MINNEAPOLIS — There’s a new warning for consumers about illegal high-dose THC products.
Minnesota health officials said they have recently seen products that are hundreds of times above the legal limit.
At Hemp House THC dispensary in Minneapolis’ Wedge neighborhood, you’ll find plenty of the latest drinks and edibles featuring THC.
“We get a lot of customers that are curious about THC,” said general manager Cody Dornbusch.
While products on Hemp House’s shelves get the green light, that’s not the case everywhere.
According to the Minnesota Department of Health, they’re finding some products with THC levels way over the legal limit.
“Many of these are not legal, and some very not safe,” said Chris Elvrum, Assistant Director of the Minnesota Department of Health’s Office of Medical Cannabis.
In Minnesota, beverages and edibles are allowed to have five milligrams of THC per serving.
The health department said they found close to 40% of THC shops were selling illegal high-dose products, or those that appealed to children.
The department said high-risk THC products are required to be destroyed.
Of the departments 170 inspections, only 25% of shops were found to be fully compliant with the law.
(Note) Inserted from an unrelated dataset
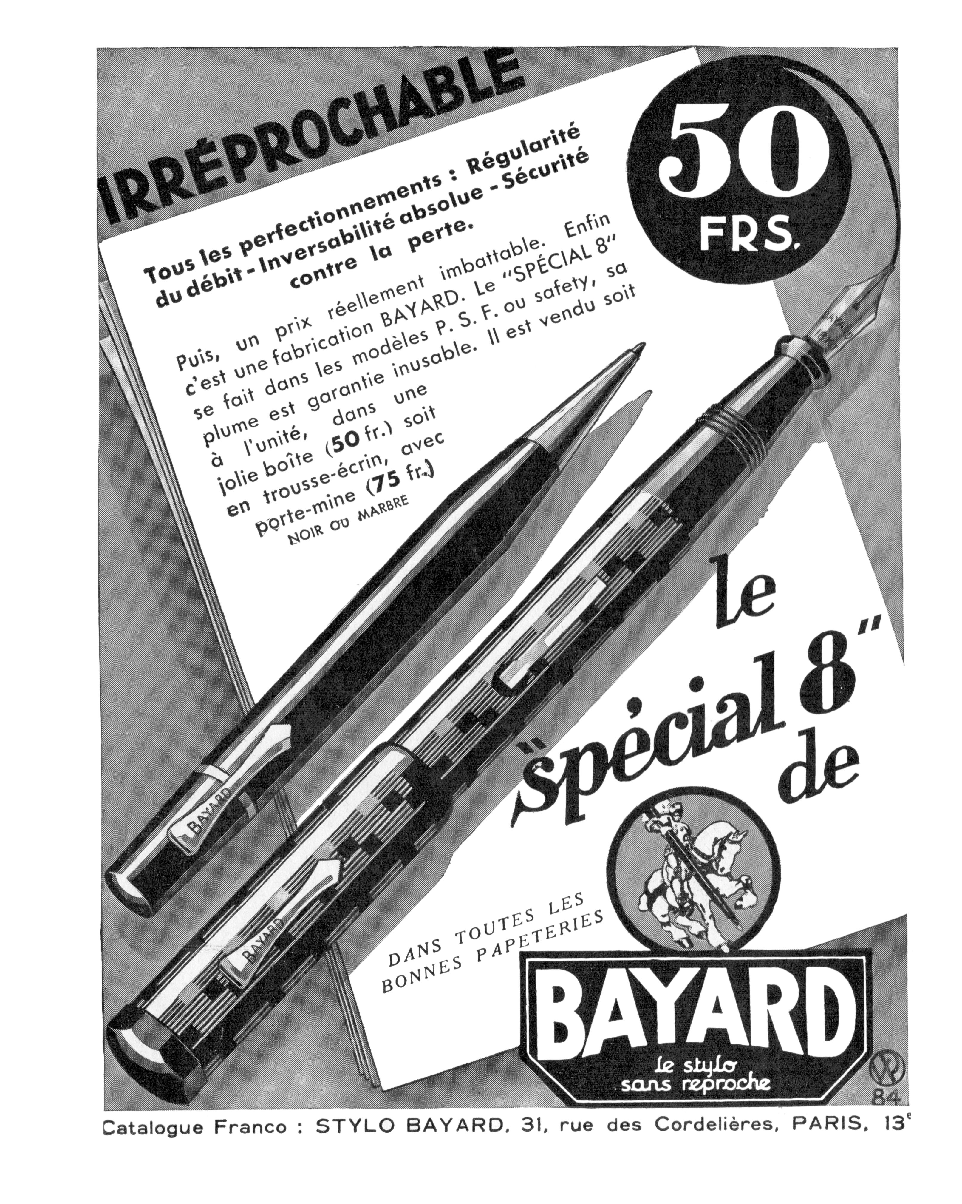 Scansione di una pubblicità Bayard datata 1932-10-29. Pubblicazione su: L'Illustration, n. 4678. Ritoccata dall'autore per una migliore nitidezza. Data visibile direttamente. Pubblicizza il modello Special 8.

The department said that could be for a variety of reasons.
If the the health department finds a violation, they will issue a correction order. If the problem persists, they can fine businesses up to $10,000 per incident.
“Some of the other non-compliants could mean they’re not registered, their products weren’t placed behind the counter or in a locked case, that sort of thing,” said Elvrum.
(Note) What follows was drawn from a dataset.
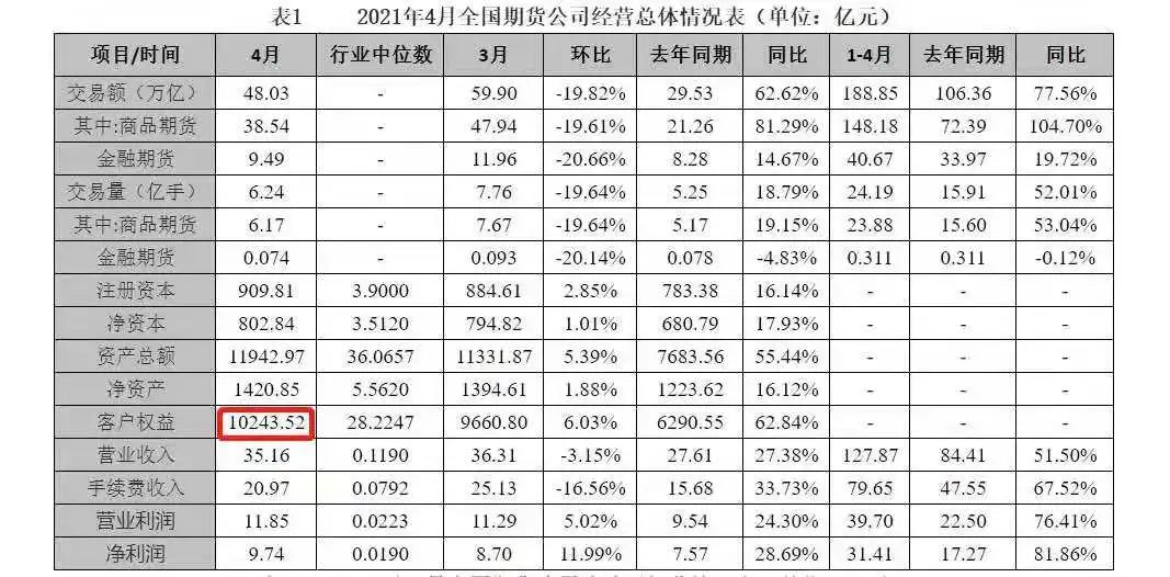 根據(jù)中國(guó)期貨業(yè)協(xié)會(huì)最新發(fā)布的數(shù)據(jù)顯示,截止到4月底,期貨市場(chǎng)客戶權(quán)益金額已達(dá)到了10,243.52億元,這是期貨歷史上首次突破萬(wàn)億元大關(guān)。

Dornbusch said Minnesota brands tend to know the constraints of the law. If anything, it’s brands from outside Minnesota, he said, that may be in violation.
“We hear from out-of-state brands still that might not be totally aware of what’s happening in Minnesota, that might have the laws mixed up in their own brain,” said Dornbusch.
The state said side effects of the illegal-dose products include unresponsiveness, extreme anxiety or panic attacks and psychotic episodes.
When in doubt, Dornbusch suggests starting with low dose products, like those that are only two milligrams per serving.
“Be an informed consumer and know what you’re buying, and we just want to have a safe and legal marketplace,” said Elvrum.
The state says if you come across products with unsafe THC levels, you should file a complaint with the Minnesota Department of Health.